Please try to update devtools::install_github("ropensci/CoordinateCleaner") and run cc_outl again.

CharlottePhilps commented 5 years ago

Dear Alex,

Unfortunately, when I try and update the CoordinateCleaner package it will not download. The update has not occurred in CRAN so when trying to install like this through devtools::install_github("ropensci/CoordinateCleaner")

I get the following warning messages:

Warning messages: 1: In untar2(tarfile, files, list, exdir) : skipping pax global extended headers 2: In untar2(tarfile, files, list, exdir) : skipping pax global extended headers

Then when I try and load the package, I get the following warning: library(CoordinateCleaner) Error: package or namespace load failed for ‘CoordinateCleaner’ in get(method, envir = home): lazy-load database 'C:/Program Files/R/R-3.5.3/library/CoordinateCleaner/R/CoordinateCleaner.rdb' is corrupt In addition: Warning messages: 1: In .registerS3method(fin[i, 1], fin[i, 2], fin[i, 3], fin[i, 4], : restarting interrupted promise evaluation 2: In get(method, envir = home) : restarting interrupted promise evaluation 3: In get(method, envir = home) : internal error -3 in R_decompress1

I might be doing something wrong or just need to wait for an update? Thank you again for your help.

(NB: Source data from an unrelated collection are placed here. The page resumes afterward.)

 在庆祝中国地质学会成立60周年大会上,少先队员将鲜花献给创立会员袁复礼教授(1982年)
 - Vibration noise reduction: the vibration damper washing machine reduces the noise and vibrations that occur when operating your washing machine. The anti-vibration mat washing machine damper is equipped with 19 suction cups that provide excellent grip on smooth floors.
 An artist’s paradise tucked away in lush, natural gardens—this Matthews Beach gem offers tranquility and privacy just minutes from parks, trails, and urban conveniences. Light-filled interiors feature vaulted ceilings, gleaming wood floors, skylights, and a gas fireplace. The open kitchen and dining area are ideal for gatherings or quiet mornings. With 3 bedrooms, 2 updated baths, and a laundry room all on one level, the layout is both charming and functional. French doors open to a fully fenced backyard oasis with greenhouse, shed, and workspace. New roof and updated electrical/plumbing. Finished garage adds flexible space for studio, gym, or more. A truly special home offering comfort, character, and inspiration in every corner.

CharlottePhilps commented 5 years ago

Dear Alex,

Sorry for all my messages, I thought I would update you as I feel the last issue may have been a problem my end.

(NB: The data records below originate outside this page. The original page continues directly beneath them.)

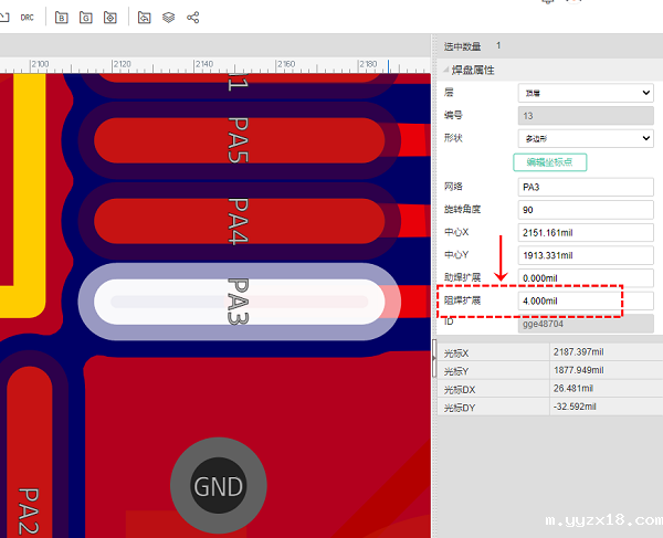 yyzx18EDA标准版是由封装库决定,封装库中设置了每个焊盘的扩展值。
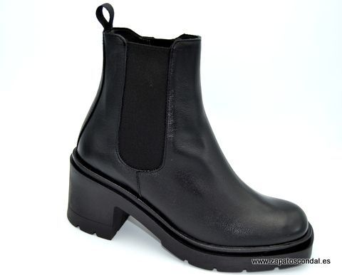 BOTÍN DE PIEL CON ELÁSTICOS LATERALES Y TACÓN DE 5CM
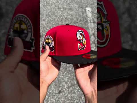 Seattle Mariners 30th Anniversary New Era 59Fifty Fitted Hat in Scarlet Red, Black and Gray Under Brim. 18
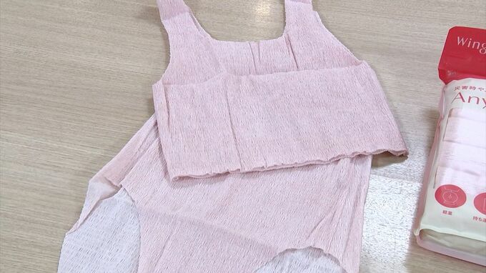 9月1日の「防災の日」を前に岡山高島屋で始まった催しで、期間中、約80種類の防災グッズが並びます。こちらは、衛生面を考え、紙でできた使い捨ての下着です。
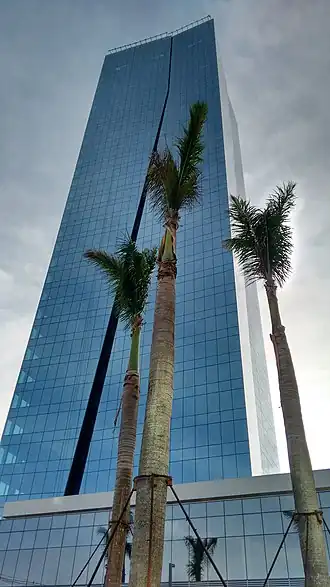 The project belongs to the American real estate developer Tishman Speyer and Brazilian construction company Costrutora Caparaó, which, according to Daniel Cherman, president of Tishman Speyer, was built "[...] because Belo Horizonte was lackning of a high-quality mixed-use development project".[5] The building has 44 floors, with 31 commercial floors, 8 parking floors, 4 residential lofts (one per floor) and a helipad, as well as space for shops and a restaurant on the ground floor. Its core was built in concrete, but the structure is predominantly in steel, with steel deck slabs and is covered by a glass curtain. The shape appears to be that of a prism, but the four sides have slits that give it a shape similar to a pinwheel. In addition to the aesthetic purpose, the slits serve to ventilate the floors and allow air to enter the building's central cooling system.[4]
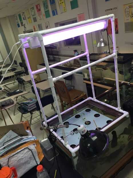 Los orificios perforados y un enrejado de hilo en el extremo de mis guisantes crezcan los cordones. Y toda la estructura en la parte superior del acuario.
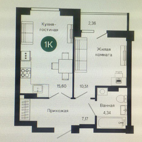Жилая площадь 10.51 м2
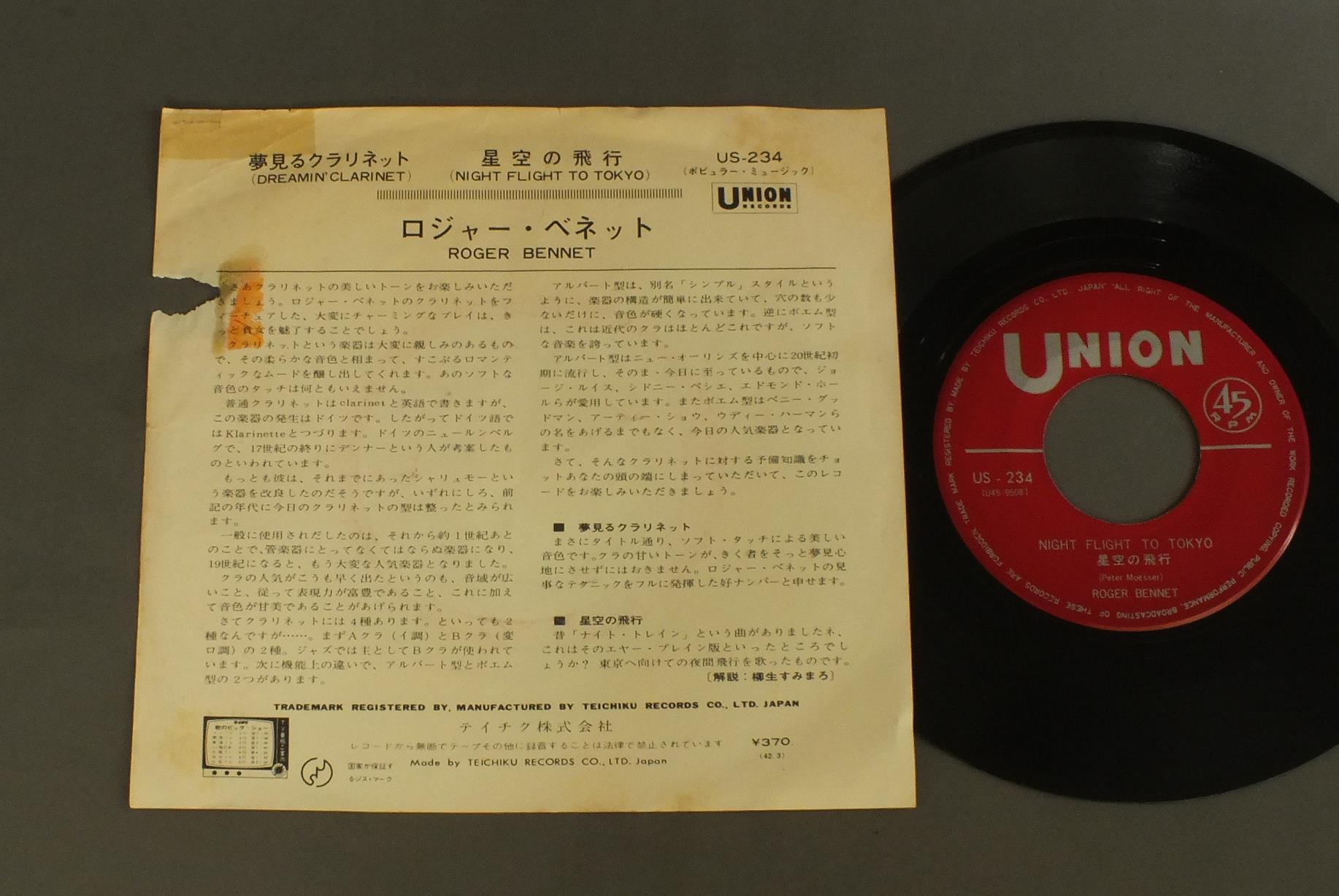 ROGER BENNETロジャー・ベネット/DREAMIN` CLARINET夢見るクラリネット US234 製造国:日本盤 / Media:7inch外観:VG盤の状態:EX 価格(税込):¥330(売約済) 送料 7inch:定形外郵便 360円~LP:定形外郵便 660円~送料は、注文の最終画面で確認頂けます。 > > ROGER BENNET/DREAMIN` CLARINET 外観 (VG)特記事項:破けやテープ有り。外観VGの共通説明:ダメージが見るからに多い。 盤の状態 (EX)特記事項:薄いスリキズ・スレ軽くある感じ。殆どが軽微なものの様子です。盤EXの共通説明:盤面のスリキズが薄いものが少し~軽度 音に出そうなものは無いように見える(軽微なソフトティック音は除く)。 Tweet それぞれの画像をクリックすると、大きい写真が見られます こちらの商品もお勧めです 770円 TERUMASA HINO日野皓正 / PYRAMIDピラミッド 1,320円 DOLLAR BRANDダラー・ブランド / AFRICAN PIANOアフリカン・ピアノ 1,650円 TATSUYA TAKAHASHI&TOKYO UNION ORCH.高橋達也と東京ユニオン / SWING ON SWINGスイング・オン・スイング 1,210円 HERBIE MANNハービー・マン / GLORY OF LOVEグローリー・オブ・ラヴ 1,980円 EIJI KITAMURA北村英治 / APRIL DATE ( MASTER SOUND PRESSING )エイプリル・デイト (マスターサウンド盤) 770円 CHARLIE PARKERチャーリー・パーカー / CHARLIE PARKER ON SAVOY VOL7チャーリー・パーカー・オン・サヴォイVOL7 1,210円 ERIC DOLPHYエリック・ドルフィー / LAST DATEラスト・レコーディング 1,650円 McOY TYNERマッコイ・タイナー / SONG OF THE NEW WORLDソング・オブ・ザ・ニュー・ワールド

I have now managed to download CoordinateCleaner through github.

After download I receive the following warning message: Warning messages: 1: In if (!is.character(what) || is.na(what) || length(what) != 1L || : closing unused connection 4 (ropensci-CoordinateCleaner-f1ef2cf/vignettes/inst/species_20025.shp) 2: In untar2(tarfile, files, list, exdir) : skipping pax global extended headers 3: In untar2(tarfile, files, list, exdir) : skipping pax global extended headers

I was unsure if this is an issue.

Although when I run the cc_outl code, "ras" is still not found:

outliers <- cc_outl(cleandat, lon = "decimalLongitude", lat = "decimalLatitude",

  • species = "species", method = "quantile", mltpl = 5,
  • value = "flagged", sampling_thresh = 0, verbose = TRUE) Testing geographic outliers Error in ras_dist(x = k, lat = lat, lon = lon, ras = ras, weights = TRUE) : object 'ras' not found

Sorry and thank you. Charlotte

shawnlaffan commented 5 years ago

I just hit the same issue with CoordinateCleaner downloaded from CRAN (2.0-11).

It looks like there are issues with the logic where the ras object is created only if(any(test >= 10000) | thinning), but when the code reaches the else block at line 162 then both branches in the subcondition need it to exist.

I have not yet stepped through the code to see what values thinning is getting when this happens, or how many records are being processed. I'll update when I am able to.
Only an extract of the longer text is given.